A video costume-play demo of an ancient Roman multitool

Sunday 6th July, 2025 - Bruce Sterling

*It’s nice to see one of those modern replicas treated in this hands-on fashion. I’ve often wondered if I should own one, just to encourage the trade. The modern replicas cost about as much as a modern Leatherman Arc.

Screenshot

*As our Youtuber suggests, this gadget might have been a Roman military tool because (a) the “Swiss Army Knife” originated as a military tool and (b) most every man in Roman life was in the military at some time or another.

*But it’s silver, and it’s dainty, and it just doesn’t look very milspec. They can’t have been common military general-issue devices (because there is only one known in the world). I’m thinking that a lone officer using this fancy gadget in a camp mess would be ridiculed.

*The wax-stylus theory is interesting. It suggests some kind of travelling aristocrat-bureaucrat.

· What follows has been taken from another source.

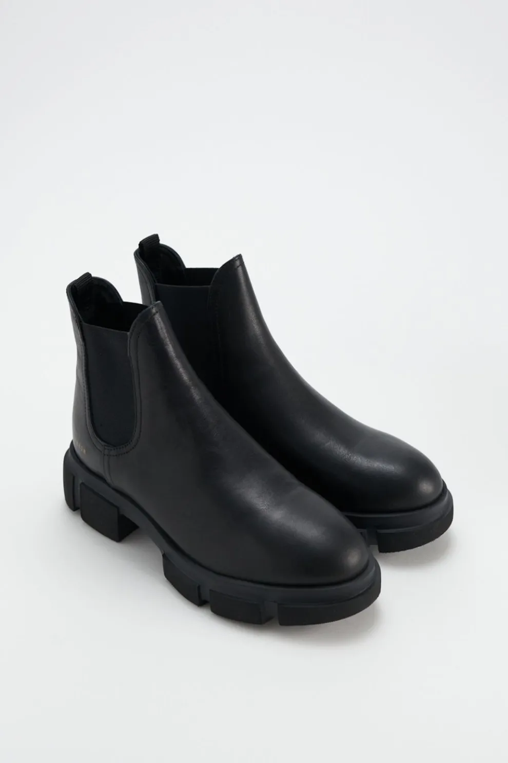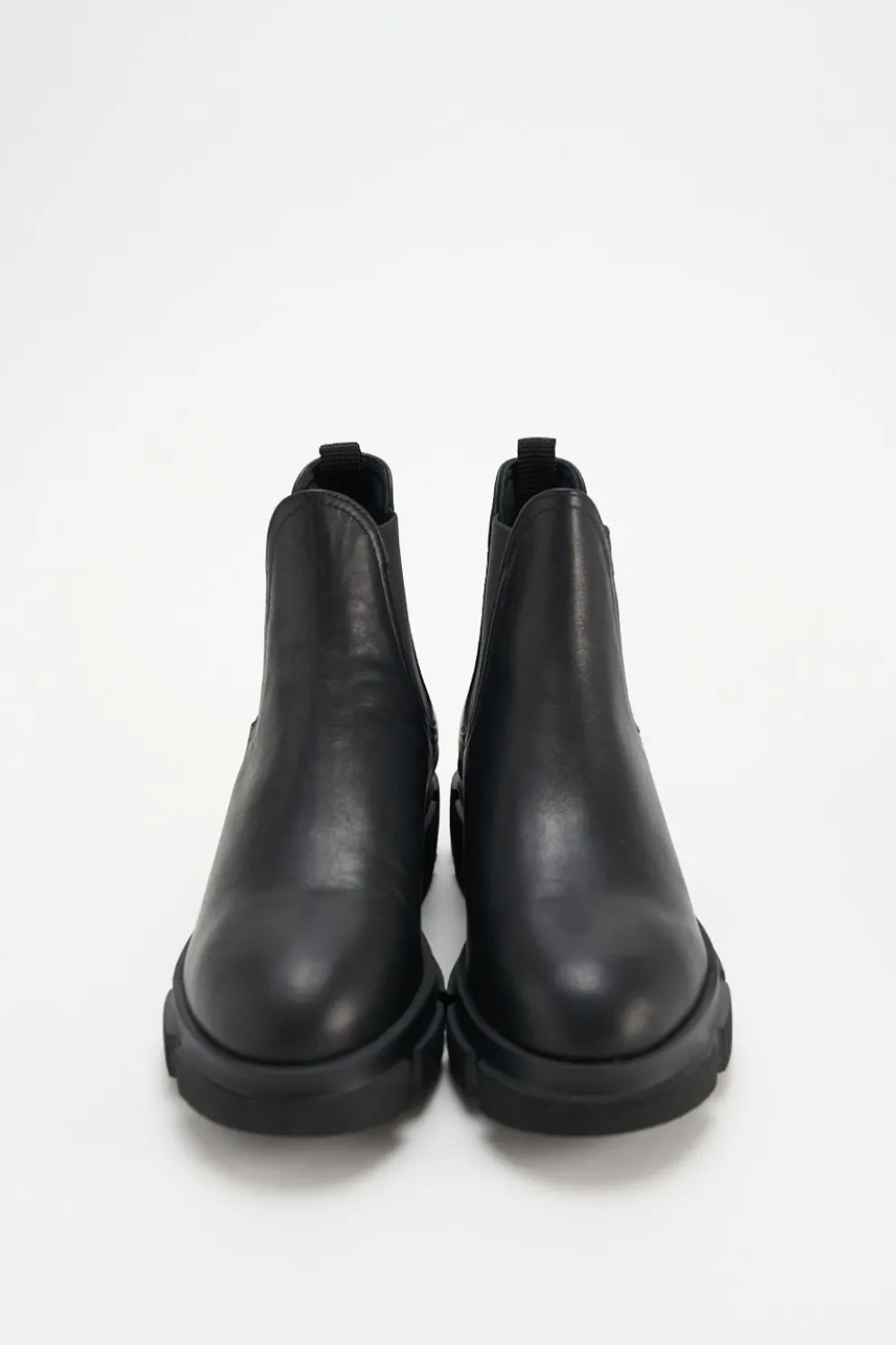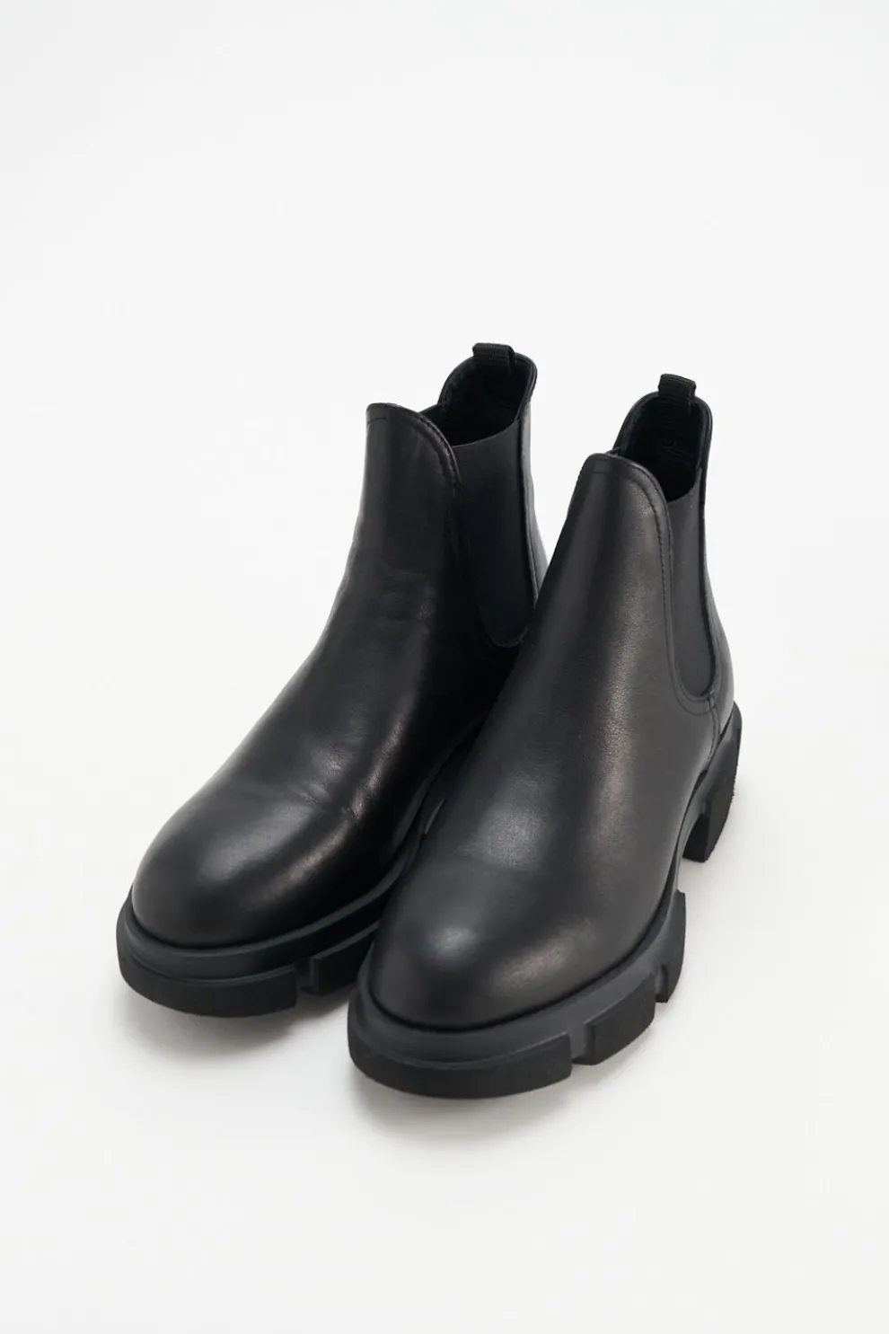 In Het Zwart. Lage Enkellaarsjes Van Glad Leer Met Een Dikke Zool. Elastische Zijpanelen. Trek Het Lusje Aan De Hiel. Subtiele Branding Aan De Buitenkant. Afgerond Teengedeelte. Een Opvallende Stijl.Onze Schoenen Zijn Ontworpen In Kopenhagen En Vervaardigd In Europa. Het Leer Komt Uit Geselecteerde, Door Een Familie Gerunde Fabrieken In Italië.

A fine imperial functionary-overseer who is here today, gone tomorrow, but anxious to impress the rubes with his finicky distinctions, his table manners and his personal grooming, while also keeping careful tabs of the grain shipments and the tax receipts.

*Togas lacked pockets, so I have to wonder how a tool of this kind was carried. It can’t be left in the horse’s saddlebags, so it has to be every-day-carry kept on the user’s person, but how? In some slung fabric pouch together with the wax tablet, maybe.

*It must have meant something to him because it appears that the owner was buried with it.